---------- Available data
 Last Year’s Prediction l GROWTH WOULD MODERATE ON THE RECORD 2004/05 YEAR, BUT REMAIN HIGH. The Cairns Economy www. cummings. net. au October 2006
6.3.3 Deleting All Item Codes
--------------------
---------- Available data
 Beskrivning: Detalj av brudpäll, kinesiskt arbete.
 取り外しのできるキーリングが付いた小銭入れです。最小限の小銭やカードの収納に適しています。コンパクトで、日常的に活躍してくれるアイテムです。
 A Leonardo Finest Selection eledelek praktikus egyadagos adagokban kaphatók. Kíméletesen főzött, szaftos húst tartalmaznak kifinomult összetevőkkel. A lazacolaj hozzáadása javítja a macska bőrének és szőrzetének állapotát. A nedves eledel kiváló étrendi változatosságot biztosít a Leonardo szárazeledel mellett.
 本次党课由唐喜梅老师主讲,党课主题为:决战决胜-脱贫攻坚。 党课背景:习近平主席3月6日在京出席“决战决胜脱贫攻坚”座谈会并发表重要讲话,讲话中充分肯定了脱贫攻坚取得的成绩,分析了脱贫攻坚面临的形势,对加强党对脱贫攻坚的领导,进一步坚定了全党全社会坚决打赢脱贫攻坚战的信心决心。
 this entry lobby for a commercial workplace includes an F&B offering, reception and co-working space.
--------------------
**What you have to do**
Scan the entries above for the line containing "Last Year’s Prediction", and copy it and all lines after it exactly, down to and including the line containing "6.3.3 Deleting All Item Codes".

**Answer to this problem**
 Last Year’s Prediction l GROWTH WOULD MODERATE ON THE RECORD 2004/05 YEAR, BUT REMAIN HIGH. The Cairns Economy www. cummings. net. au October 2006
6.3.3 Deleting All Item Codes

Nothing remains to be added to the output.